• **What this task involves**
Write out the records beneath this line exactly as they appear, minus any images.
--------
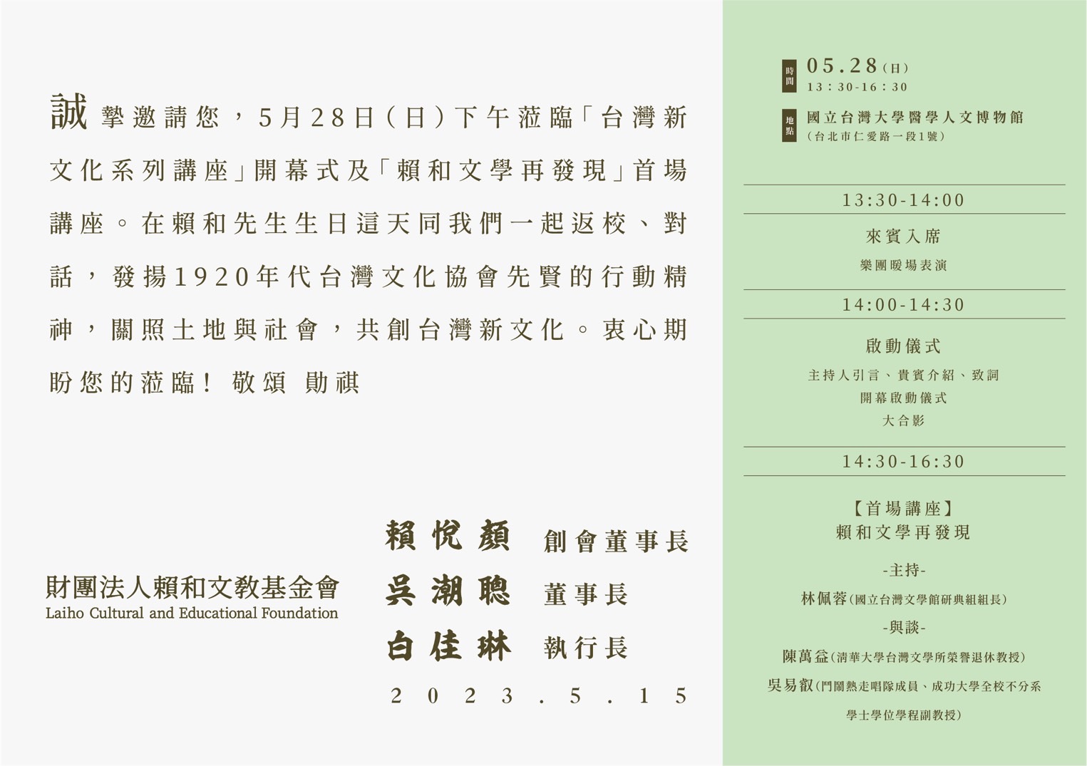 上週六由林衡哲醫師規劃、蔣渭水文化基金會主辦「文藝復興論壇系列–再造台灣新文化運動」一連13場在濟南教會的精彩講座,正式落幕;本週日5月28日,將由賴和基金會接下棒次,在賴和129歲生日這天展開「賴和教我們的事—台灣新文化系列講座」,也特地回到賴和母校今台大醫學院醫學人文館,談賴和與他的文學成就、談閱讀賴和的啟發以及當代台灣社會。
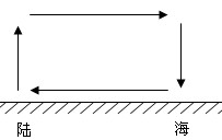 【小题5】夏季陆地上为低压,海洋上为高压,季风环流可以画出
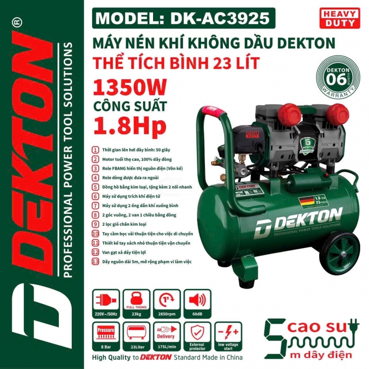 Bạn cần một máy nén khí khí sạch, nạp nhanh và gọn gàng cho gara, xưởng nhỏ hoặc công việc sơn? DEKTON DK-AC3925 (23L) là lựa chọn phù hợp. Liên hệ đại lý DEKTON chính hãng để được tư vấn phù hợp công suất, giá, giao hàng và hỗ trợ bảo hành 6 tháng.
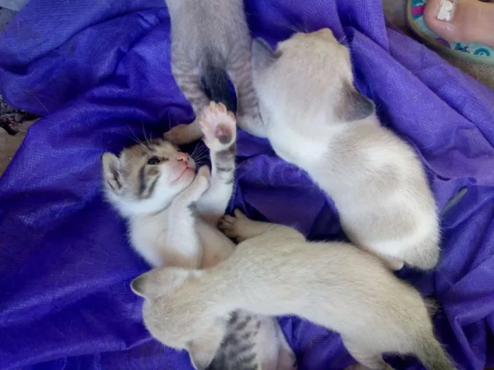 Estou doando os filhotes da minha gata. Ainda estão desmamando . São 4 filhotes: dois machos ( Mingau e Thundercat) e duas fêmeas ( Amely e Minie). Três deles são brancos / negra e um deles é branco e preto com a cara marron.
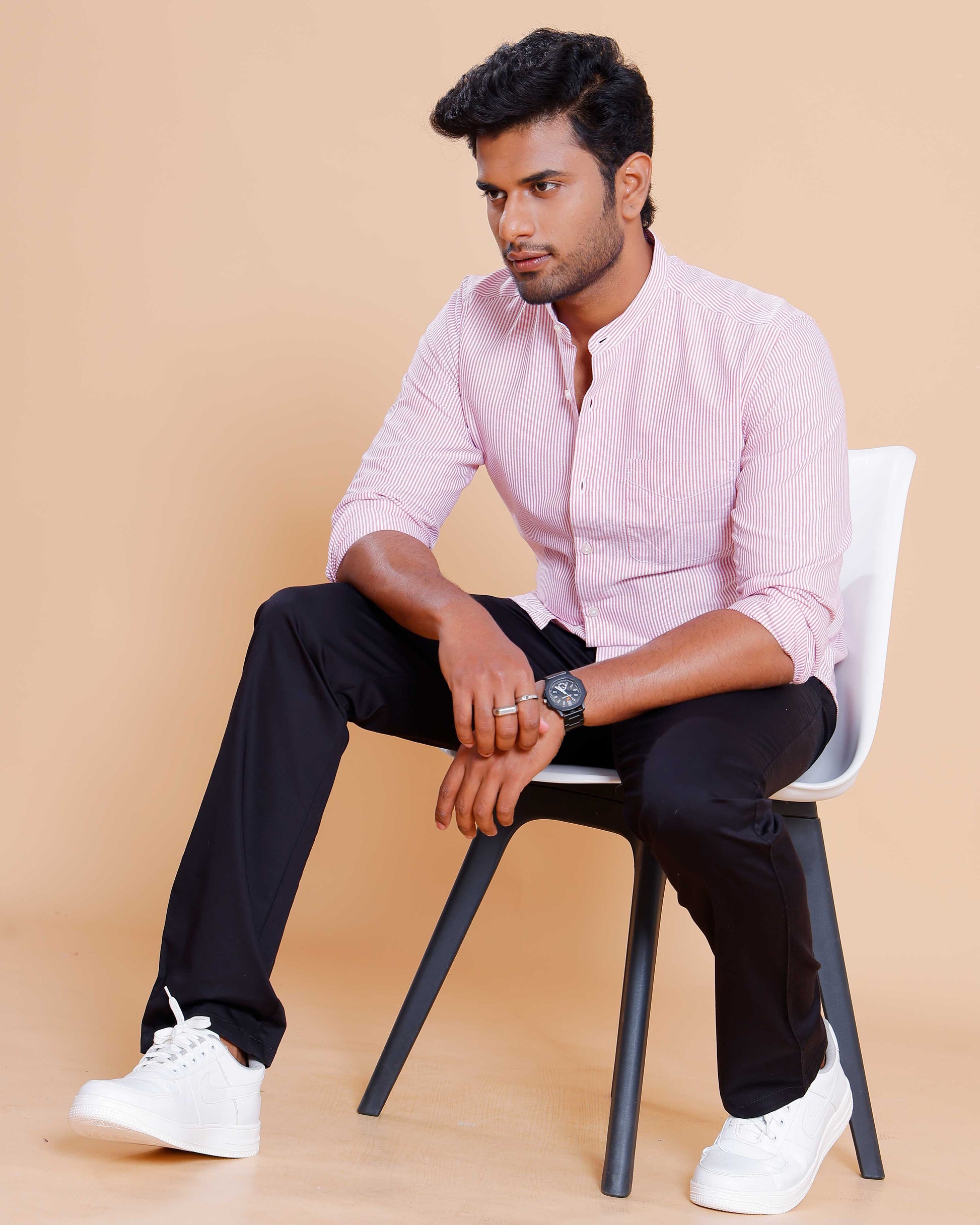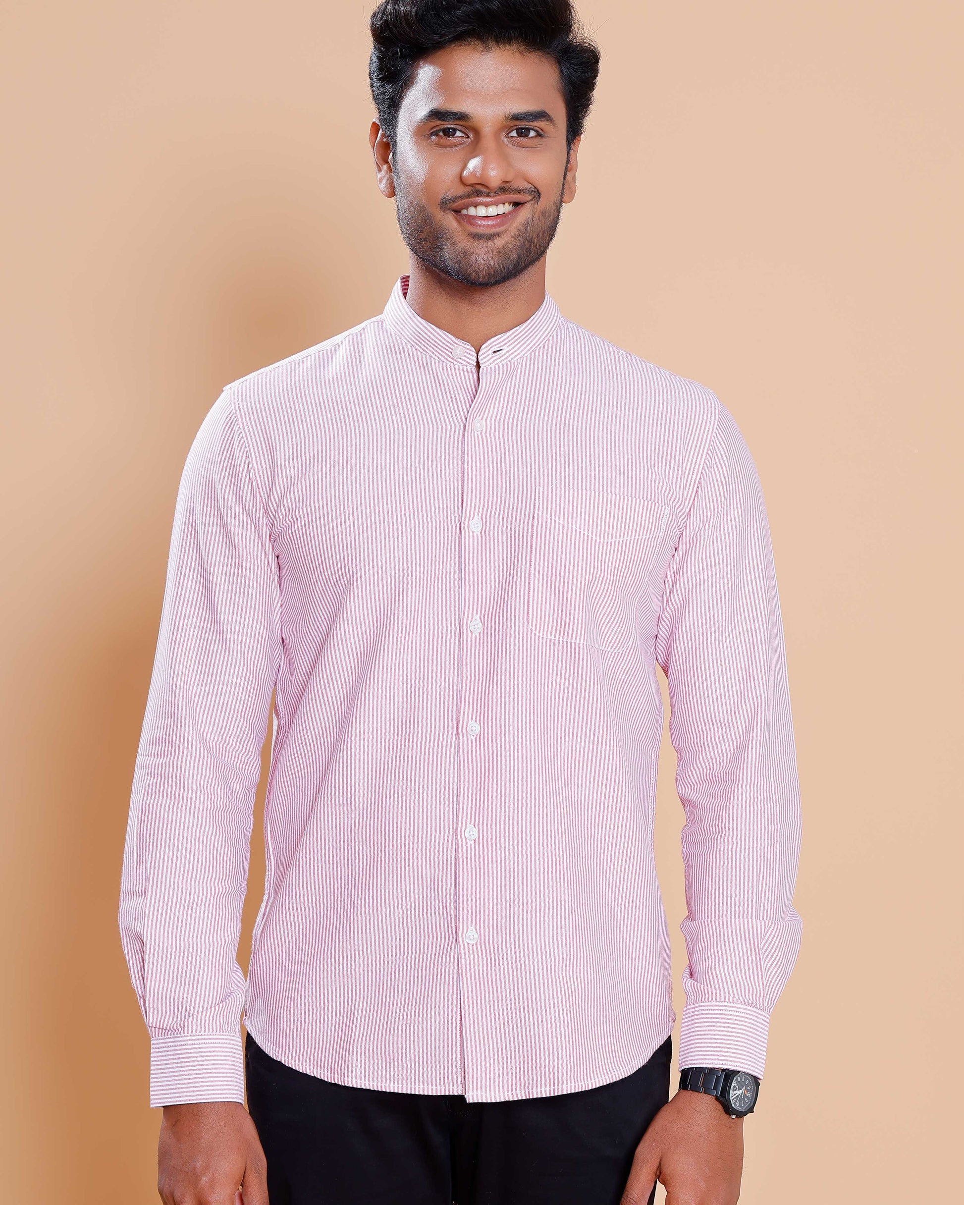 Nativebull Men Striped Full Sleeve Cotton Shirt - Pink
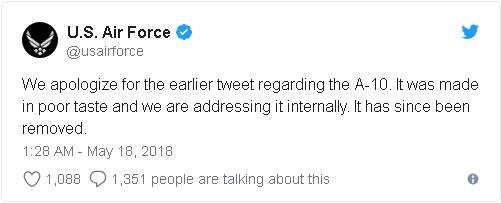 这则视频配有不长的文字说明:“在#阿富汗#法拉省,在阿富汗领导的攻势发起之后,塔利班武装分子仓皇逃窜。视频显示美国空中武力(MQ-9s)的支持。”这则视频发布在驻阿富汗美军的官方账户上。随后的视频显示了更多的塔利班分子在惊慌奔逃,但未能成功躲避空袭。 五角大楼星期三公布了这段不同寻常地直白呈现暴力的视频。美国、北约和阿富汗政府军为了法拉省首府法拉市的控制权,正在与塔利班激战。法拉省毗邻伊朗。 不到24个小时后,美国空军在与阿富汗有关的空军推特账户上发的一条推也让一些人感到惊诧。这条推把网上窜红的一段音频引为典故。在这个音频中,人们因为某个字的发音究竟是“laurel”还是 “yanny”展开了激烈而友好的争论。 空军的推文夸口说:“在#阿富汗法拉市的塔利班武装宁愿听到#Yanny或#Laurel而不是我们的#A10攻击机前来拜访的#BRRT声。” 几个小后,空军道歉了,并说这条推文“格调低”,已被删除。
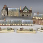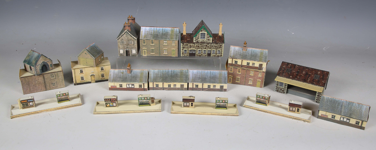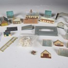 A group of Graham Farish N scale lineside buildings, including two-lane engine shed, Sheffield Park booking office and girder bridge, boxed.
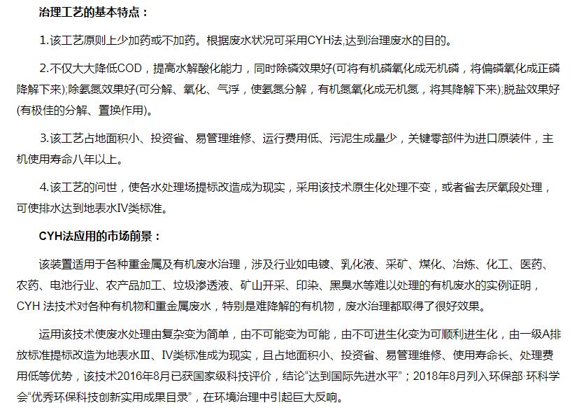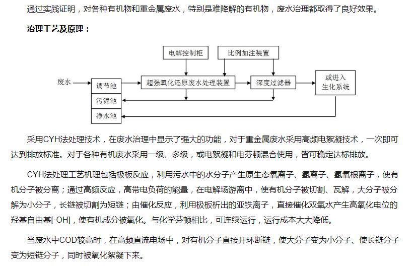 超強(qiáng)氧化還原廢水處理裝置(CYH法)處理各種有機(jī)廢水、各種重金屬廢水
--------
• **Your solution**
 上週六由林衡哲醫師規劃、蔣渭水文化基金會主辦「文藝復興論壇系列–再造台灣新文化運動」一連13場在濟南教會的精彩講座,正式落幕;本週日5月28日,將由賴和基金會接下棒次,在賴和129歲生日這天展開「賴和教我們的事—台灣新文化系列講座」,也特地回到賴和母校今台大醫學院醫學人文館,談賴和與他的文學成就、談閱讀賴和的啟發以及當代台灣社會。
 【小题5】夏季陆地上为低压,海洋上为高压,季风环流可以画出
 Bạn cần một máy nén khí khí sạch, nạp nhanh và gọn gàng cho gara, xưởng nhỏ hoặc công việc sơn? DEKTON DK-AC3925 (23L) là lựa chọn phù hợp. Liên hệ đại lý DEKTON chính hãng để được tư vấn phù hợp công suất, giá, giao hàng và hỗ trợ bảo hành 6 tháng.
 Estou doando os filhotes da minha gata. Ainda estão desmamando . São 4 filhotes: dois machos ( Mingau e Thundercat) e duas fêmeas ( Amely e Minie). Três deles são brancos / negra e um deles é branco e preto com a cara marron.
 Nativebull Men Striped Full Sleeve Cotton Shirt - Pink
 这则视频配有不长的文字说明:“在#阿富汗#法拉省,在阿富汗领导的攻势发起之后,塔利班武装分子仓皇逃窜。视频显示美国空中武力(MQ-9s)的支持。”这则视频发布在驻阿富汗美军的官方账户上。随后的视频显示了更多的塔利班分子在惊慌奔逃,但未能成功躲避空袭。 五角大楼星期三公布了这段不同寻常地直白呈现暴力的视频。美国、北约和阿富汗政府军为了法拉省首府法拉市的控制权,正在与塔利班激战。法拉省毗邻伊朗。 不到24个小时后,美国空军在与阿富汗有关的空军推特账户上发的一条推也让一些人感到惊诧。这条推把网上窜红的一段音频引为典故。在这个音频中,人们因为某个字的发音究竟是“laurel”还是 “yanny”展开了激烈而友好的争论。 空军的推文夸口说:“在#阿富汗法拉市的塔利班武装宁愿听到#Yanny或#Laurel而不是我们的#A10攻击机前来拜访的#BRRT声。” 几个小后,空军道歉了,并说这条推文“格调低”,已被删除。
 A group of Graham Farish N scale lineside buildings, including two-lane engine shed, Sheffield Park booking office and girder bridge, boxed.
 超強(qiáng)氧化還原廢水處理裝置(CYH法)處理各種有機(jī)廢水、各種重金屬廢水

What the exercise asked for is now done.